LongRM: Revealing and Unlocking the Context Boundary of Reward Modeling
- URL: http://arxiv.org/abs/2510.06915v2
- Date: Tue, 04 Nov 2025 05:29:20 GMT
- Title: LongRM: Revealing and Unlocking the Context Boundary of Reward Modeling
- Authors: Zecheng Tang, Baibei Ji, Quantong Qiu, Haitian Wang, Xiaobo Liang, Juntao Li, Min Zhang,
- Abstract summary: We introduce Long-RewardBench, a benchmark specifically designed for long-context RM evaluation.<n>Preliminary study reveals that even state-of-the-art generative RMs exhibit significant fragility in long-context scenarios.<n>We propose a general multi-stage training strategy that effectively scales arbitrary models into robust Long-context RMs.

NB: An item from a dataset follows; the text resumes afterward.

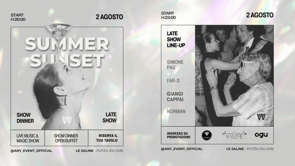 Con il calar della notte, si aprirà il Late Show: con un dj set appassionante. 🎶 Simone Pau, Far-D, Giangi Cappai e Norman vi guideranno tra sonorità house e tech-house raffinate, per farvi ballare e vivere una notte ancora più magica. ✨

- Score: 45.520815757751194
- License: http://creativecommons.org/licenses/by/4.0/
- Abstract: Reward model (RM) plays a pivotal role in aligning large language model (LLM) with human preferences. As real-world applications increasingly involve long history trajectories, e.g., LLM agent, it becomes indispensable to evaluate whether a model's responses are not only high-quality but also grounded in and consistent with the provided context. Yet, current RMs remain confined to short-context settings and primarily focus on response-level attributes (e.g., safety or helpfulness), while largely neglecting the critical dimension of long context-response consistency. In this work, we introduce Long-RewardBench, a benchmark specifically designed for long-context RM evaluation, featuring both Pairwise Comparison and Best-of-N tasks. Our preliminary study reveals that even state-of-the-art generative RMs exhibit significant fragility in long-context scenarios, failing to maintain context-aware preference judgments. Motivated by the analysis of failure patterns observed in model outputs, we propose a general multi-stage training strategy that effectively scales arbitrary models into robust Long-context RMs (LongRMs). Experiments show that our approach not only substantially improves performance on long-context evaluation but also preserves strong short-context capability. Notably, our 8B LongRM outperforms much larger 70B-scale baselines and matches the performance of the proprietary Gemini 2.5 Pro model.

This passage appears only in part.